Most folks don’t put in as much in their registered accounts, probably because of a lack of knowledge, information, and understanding. Compounding works amazingly, and its full power can only be felt if you start early. That is what I’m teaching my eldest.
Q4. Do you have pensions through work? Has having pensions through work made your early retirement planning a little bit easier? If not, please explain.
A4. Yes, I do have a pension through work via SunLife. Unfortunately, I don’t have much say except that I have selected or opted for index-based mutual funds. I only contribute enough to get the match from the employer, which is 5% (so I contribute 5% and the employer matches that). The rest of the RRSP contribution room is done by me directly, by investing in low-cost index funds.
I think having a defined benefit pension plan is like gold; they are hard to come by, but once you have it, you should never let it go (within reason). But having a pension through work that is mostly mutual funds with high fees isn’t that great. I sometimes wish my employer would just give me the 5% directly, and I would invest it myself. I have kept track of my performance for RRSP from work and RRSP that I self-manage, and as you expect it, my self-managed RRSP is easily outperforming the Sunlife options because of the fee difference.
As for early retirement planning, I would say that for most, having pensions through work is very beneficial, given the match from the employer. And having a defined benefit pension plan is like hitting a jackpot.
Q5. You shared a similar investing path as us – started out with mutual funds then went into DIY investing. Why did you make this switch?
A5. So we started investing in 2010 when we were expecting our child. In the 2000s, we didn’t invest anything other than a matching work pension. At that time, I had no idea how to invest, and everything felt so new. But with a kid on the way, it prompted me to do more work.
I started with reading several books (Millionaire Next Door, Stocks for the Long Run, etc.), and I found the Canadian Couch Potato blog and realized that investing is quite simple: just buy a low-cost index fund and stay the course. We were with TD bank, so buying TD e-series mutual funds, which were index-based funds with the lowest MER was the way to go. So we started DIY investing. We went with what was called an aggressive portfolio: 25% each of CAD, US, Int’l and Bonds (TD900, TD902, TD911, and TD909). I’d buy once a month each so that is 48 total transactions, and the best part about TD e-series mutual funds is that they are commission-free. So we were saving $480 per year in transaction fees. Another benefit of TD e-series mutual funds is that there is no bid-ask spread, so that is some savings there as well. Plus, your dividends are automatically reinvested which means that there is no drag of uninvested cash. TD e-series mutual funds were our go-to from 2010 until 2022.
Side note: I eventually got rid of my entire bonds position in 2022 because I realized that I don’t need bonds to help me stay the course. Volatility didn’t bother me one bit and I already had a mortgage so logically speaking, having bonds made no real sense. With that said, I would still consider buying bonds again about 5 years before full retirement.

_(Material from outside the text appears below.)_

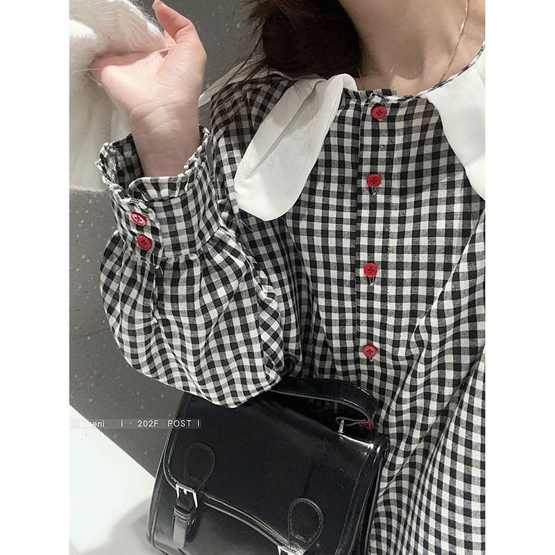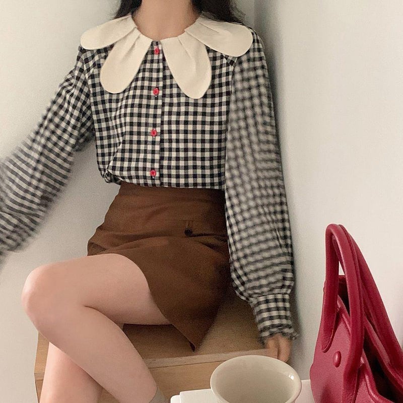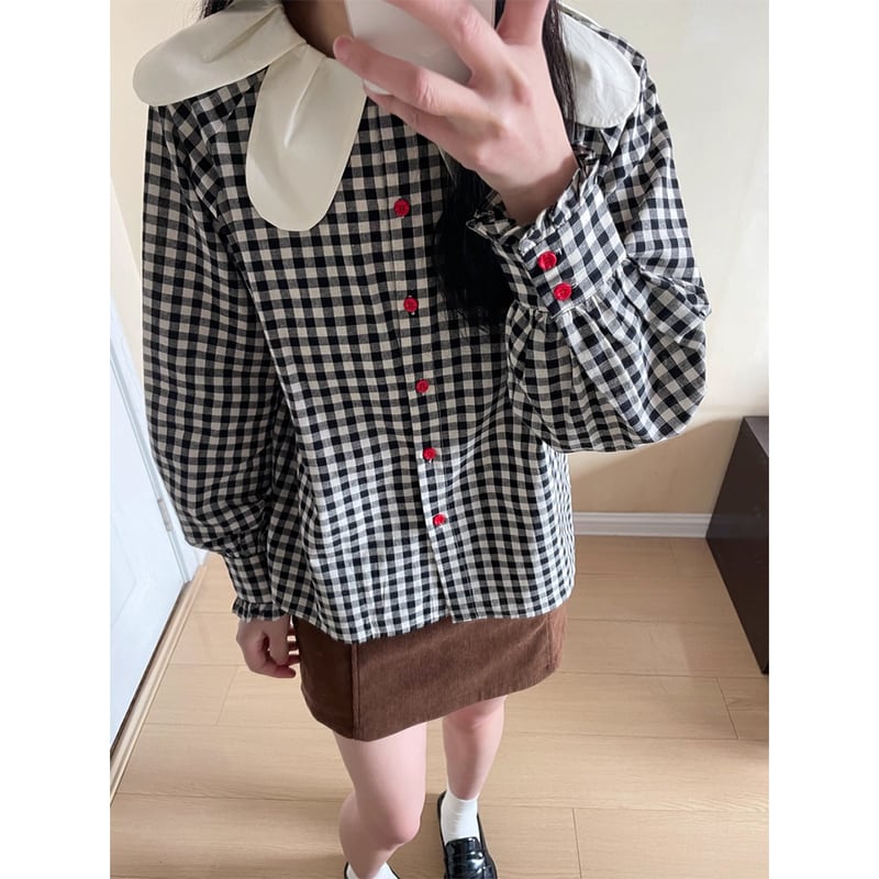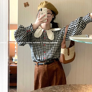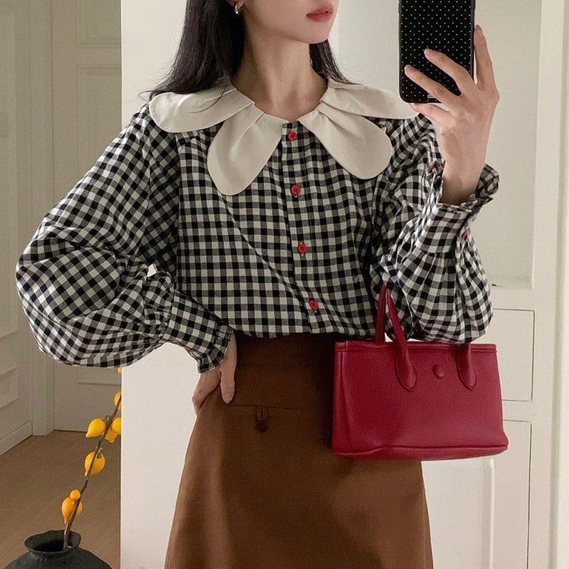 【BXHシリーズ】★シャツ★ トップス レディース 長袖シャツ チェック柄 可愛い襟 花型襟 合わせやすい
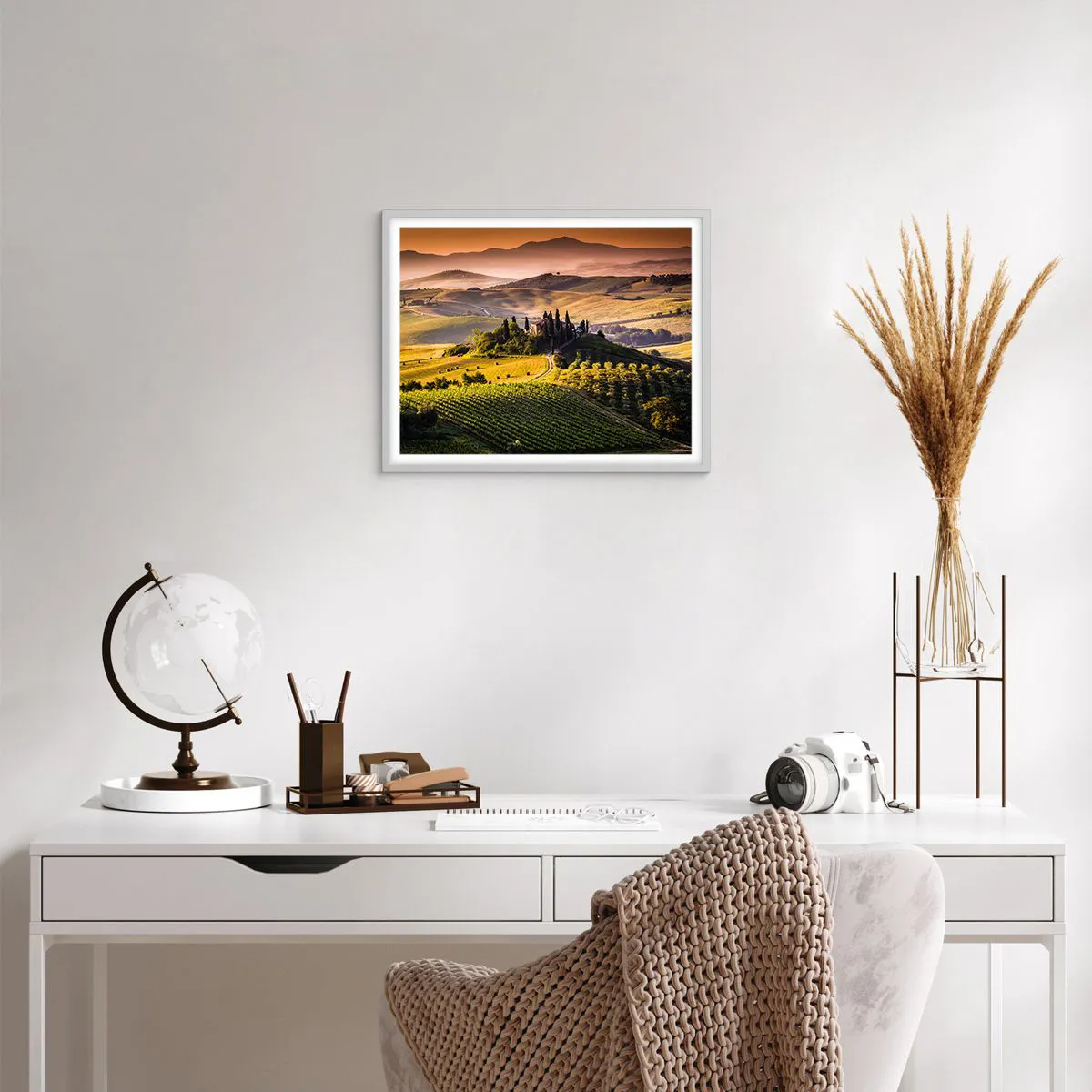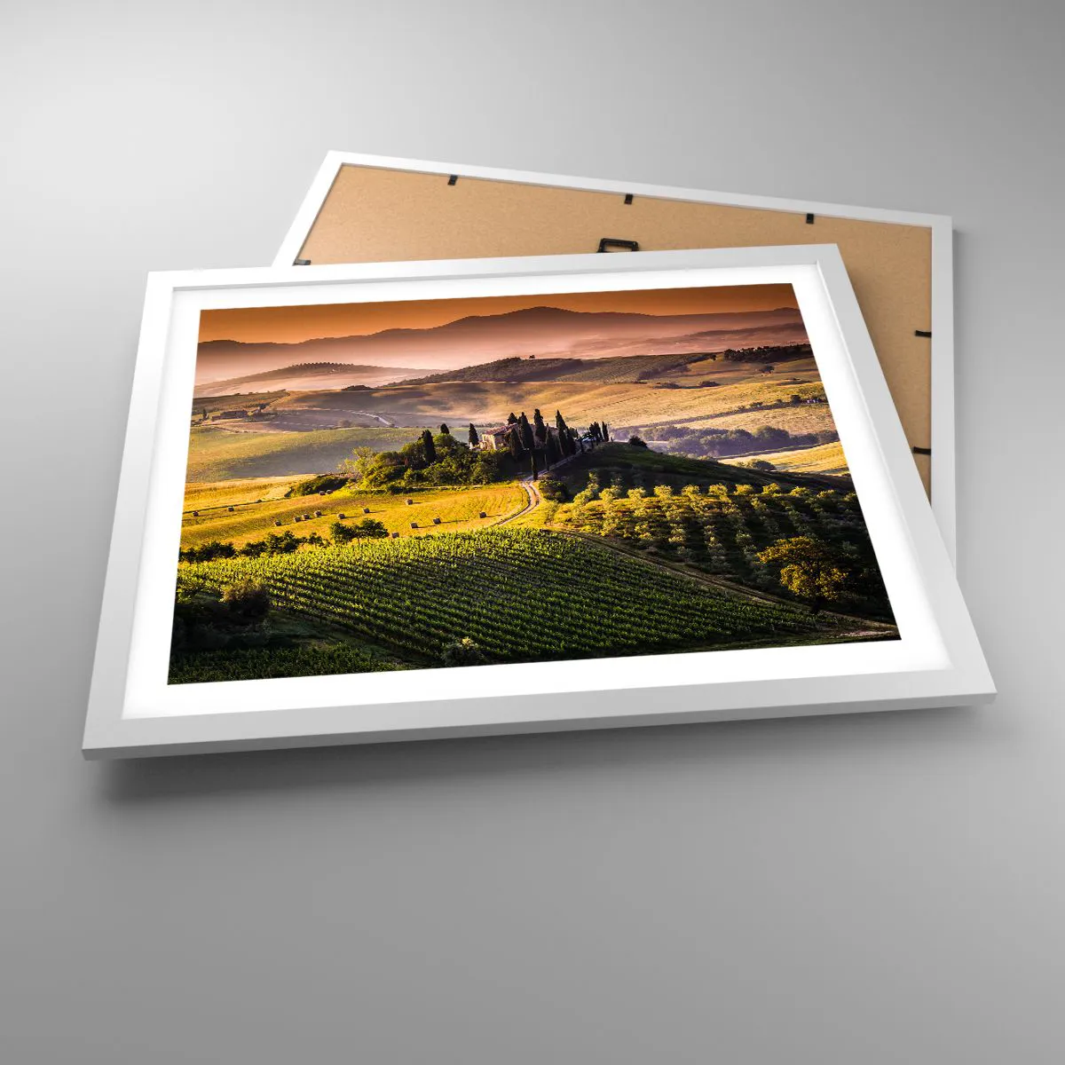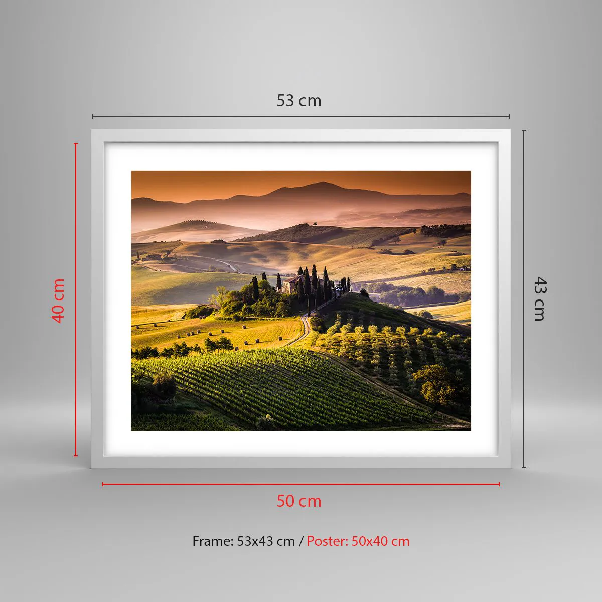 Affiche dans un cadre blanc - Poster - Arcadie - le paysage toscan - 50x40 cm

Tawcan: Agree with you, the TD e-series mutual funds are pretty great,
Q6. When you went away from mutual funds, you went with index ETF investing, then switched to dividend growth investing, and recently moved back to index ETF investing. Can you explain the reasons behind these moves?
A6. The more I read, the more Dividend-Growth-Investing spoke to me. I loved the idea of having free income coming in, and having lost a job in 2012, I really was intrigued by the idea of living off of dividends, so we started buying dividend-paying Canadian individual stocks. We did that from 2015 to the summer of 2022.
In the spring of 2022, my eldest, who was 11 at the time, was displaying some negative behavioural symptoms. We initially thought that she was just going through puberty, but it turned out to be far, far worse.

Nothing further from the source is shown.